Blog

Top 10 Projects of 2024

Think Wood’s top 10 projects of 2024 showcase innovative applications for wood structural solutions across commercial building typologies, highlighting mass timber and light-frame construction’s potential to drive change in the built environment.

Each of the projects Think Wood featured this year demonstrates how wood structural solutions can solve design challenges or bring significant benefits to the developer or occupants—from faster construction to a smaller carbon footprint, benefits for occupants, and much more. Many of these projects are gaining significant attention from the design and construction community, from an NBA training facility jam-packed with biophilic design elements to a hospitality project using prefab and light-frame wood construction to speed the timeline on a formidably steep site.

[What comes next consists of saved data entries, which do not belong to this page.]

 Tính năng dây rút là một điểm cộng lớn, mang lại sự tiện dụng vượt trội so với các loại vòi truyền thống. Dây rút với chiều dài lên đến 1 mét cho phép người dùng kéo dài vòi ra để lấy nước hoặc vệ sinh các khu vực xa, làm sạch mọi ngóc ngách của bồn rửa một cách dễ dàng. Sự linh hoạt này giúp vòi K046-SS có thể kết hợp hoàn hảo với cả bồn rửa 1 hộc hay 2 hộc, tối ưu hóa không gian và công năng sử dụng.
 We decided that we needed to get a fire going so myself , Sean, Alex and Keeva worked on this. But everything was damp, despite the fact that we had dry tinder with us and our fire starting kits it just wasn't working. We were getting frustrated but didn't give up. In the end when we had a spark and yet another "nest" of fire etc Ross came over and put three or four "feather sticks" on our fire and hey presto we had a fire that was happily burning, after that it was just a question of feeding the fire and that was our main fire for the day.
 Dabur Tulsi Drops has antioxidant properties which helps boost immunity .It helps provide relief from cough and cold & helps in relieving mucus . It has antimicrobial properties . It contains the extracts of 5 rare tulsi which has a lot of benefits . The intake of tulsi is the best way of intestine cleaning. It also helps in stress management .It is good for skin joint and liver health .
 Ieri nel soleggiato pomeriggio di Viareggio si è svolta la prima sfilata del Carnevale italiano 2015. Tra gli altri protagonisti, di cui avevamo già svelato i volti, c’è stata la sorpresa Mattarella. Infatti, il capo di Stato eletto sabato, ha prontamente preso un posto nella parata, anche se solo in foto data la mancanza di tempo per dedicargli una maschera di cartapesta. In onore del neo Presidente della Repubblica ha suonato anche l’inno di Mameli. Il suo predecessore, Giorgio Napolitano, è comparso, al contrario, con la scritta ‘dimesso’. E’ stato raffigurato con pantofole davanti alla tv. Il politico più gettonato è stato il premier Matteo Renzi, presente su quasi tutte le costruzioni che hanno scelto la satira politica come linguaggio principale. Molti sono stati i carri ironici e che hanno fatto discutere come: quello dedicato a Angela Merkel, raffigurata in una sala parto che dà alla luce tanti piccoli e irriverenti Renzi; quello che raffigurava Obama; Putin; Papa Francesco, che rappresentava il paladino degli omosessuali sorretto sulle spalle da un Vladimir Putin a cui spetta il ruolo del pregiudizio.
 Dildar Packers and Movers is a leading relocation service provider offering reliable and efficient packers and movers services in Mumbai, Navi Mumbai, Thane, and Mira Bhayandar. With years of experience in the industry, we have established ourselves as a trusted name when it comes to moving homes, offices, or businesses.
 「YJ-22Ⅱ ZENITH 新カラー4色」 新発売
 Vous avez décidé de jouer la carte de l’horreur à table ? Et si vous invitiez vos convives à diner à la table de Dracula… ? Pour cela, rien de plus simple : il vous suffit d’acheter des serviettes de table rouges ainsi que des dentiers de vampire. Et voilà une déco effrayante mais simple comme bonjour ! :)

Our top 10 project profiles of 2024 exemplify creative and sustainable design approaches that make the most of wood’s beauty and versatility. Check them out below, and learn more about the mass timber structural systems that can transform your next project.

Humbird at Schweitzer
Photo Credit: Jeremy Bittermann

Victory Capital Performance Center

Optimizing Human Performance with a Biophilic Boost

As the largest mass timber training facility in U.S. professional sports, the Victory Capital Performance Center is changing the game when it comes to long-span wood construction for high-performance athletic buildings. Home to practice facilities and basketball operations for the San Antonio Spurs, the light-filled mass timber and concrete structure is a contemporary nod to the region’s iconic Mission-style architecture while providing a column-free sports venue with unique biophilic wellness features.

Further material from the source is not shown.